Stored items
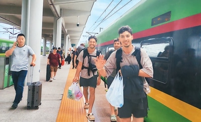 外國旅客乘坐中老鐵路跨境旅客列車抵達(dá)云南磨憨站。
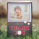 Modern and Cute Baseball Birthday Thank you Photo Card for Kids. The design has a custom child`s photo, and small and big baseballs. The background is a trendy gray chalkboard. Personalize the card with your photo and name. You can also change the text inside the card and write your own or just erase it.
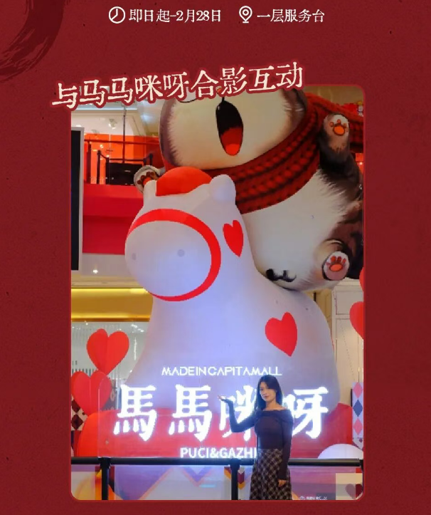 除了丰富的积分福利,凯德MALL・大兴还为市民备好了普惠好礼。此前开展的消费满额刮刮卡活动已顺利结束,参与即有机会赢取黄金饰品、定制周边等新春好礼,好礼数量有限,均已派发完毕。凯德MALL・大兴还在一层服务台放置了可爱的“马马咪呀”,和它拍照打卡并分享就能领取一份定制台历。活动截止至2月28日,快来和“马马咪呀”邂逅打卡,把新春的美好定格下来吧!
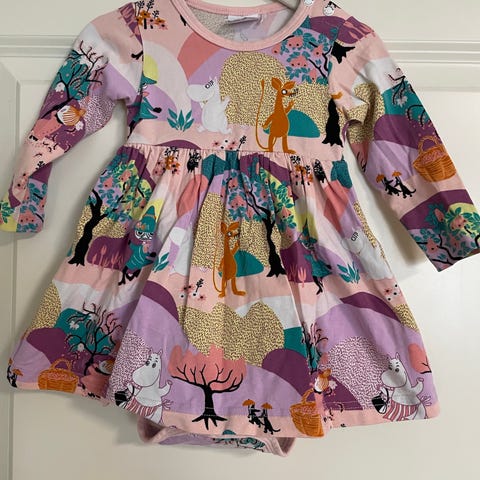 Muumit lasten mekko, koko 80. Pitkähihainen trikoomallinen mekko, jossa vaaleanpunainen pohjaväri ja monivärinen Muumi-kuosi. Pyöreä pääntie ja levenevä helma. Sopii tytöille arki- ja juhlakäyttöön. Nouto Espoo
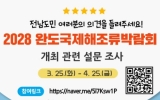 여수 코리아피플뉴스2025. 03.28[코리아피플뉴스]완도군은 ‘2028완도국제해조류박람회’에 대한 전남도민 인식 설문 조사를 4월 25일까지 실시한다. 군은 설문 조사를 통해 박람회에 대한 도민 관심도와 기대 효과, 참여 의향 등을 분석하여 국제 행사 승인을 위한 자료로 활용할 계획이다. 설문 항목은 국제해조류박람회에 대한 인지도 및 관심도, 전남 해조류 산업의 글로벌 경쟁력 가능성, 참여 희망 콘텐츠 및 프로그램 유형 등 35개이다. 설문 조사는 온라인 또는 QR코드를 통해 모바일로도 할 수 있다. 군 관계자는 “설문조사는 2028완도국제해조류…
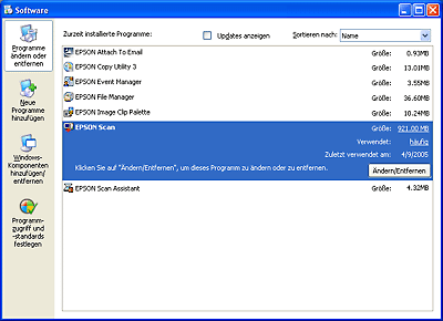 Deinstallieren von Epson Scan

**PROBLEM STATEMENT**
Please transcribe the entries exactly, omitting the images.

**TASK RESPONSE**
 外國旅客乘坐中老鐵路跨境旅客列車抵達(dá)云南磨憨站。
 Modern and Cute Baseball Birthday Thank you Photo Card for Kids. The design has a custom child`s photo, and small and big baseballs. The background is a trendy gray chalkboard. Personalize the card with your photo and name. You can also change the text inside the card and write your own or just erase it.
 除了丰富的积分福利,凯德MALL・大兴还为市民备好了普惠好礼。此前开展的消费满额刮刮卡活动已顺利结束,参与即有机会赢取黄金饰品、定制周边等新春好礼,好礼数量有限,均已派发完毕。凯德MALL・大兴还在一层服务台放置了可爱的“马马咪呀”,和它拍照打卡并分享就能领取一份定制台历。活动截止至2月28日,快来和“马马咪呀”邂逅打卡,把新春的美好定格下来吧!
 Muumit lasten mekko, koko 80. Pitkähihainen trikoomallinen mekko, jossa vaaleanpunainen pohjaväri ja monivärinen Muumi-kuosi. Pyöreä pääntie ja levenevä helma. Sopii tytöille arki- ja juhlakäyttöön. Nouto Espoo
 여수 코리아피플뉴스2025. 03.28[코리아피플뉴스]완도군은 ‘2028완도국제해조류박람회’에 대한 전남도민 인식 설문 조사를 4월 25일까지 실시한다. 군은 설문 조사를 통해 박람회에 대한 도민 관심도와 기대 효과, 참여 의향 등을 분석하여 국제 행사 승인을 위한 자료로 활용할 계획이다. 설문 항목은 국제해조류박람회에 대한 인지도 및 관심도, 전남 해조류 산업의 글로벌 경쟁력 가능성, 참여 희망 콘텐츠 및 프로그램 유형 등 35개이다. 설문 조사는 온라인 또는 QR코드를 통해 모바일로도 할 수 있다. 군 관계자는 “설문조사는 2028완도국제해조류…
 Deinstallieren von Epson Scan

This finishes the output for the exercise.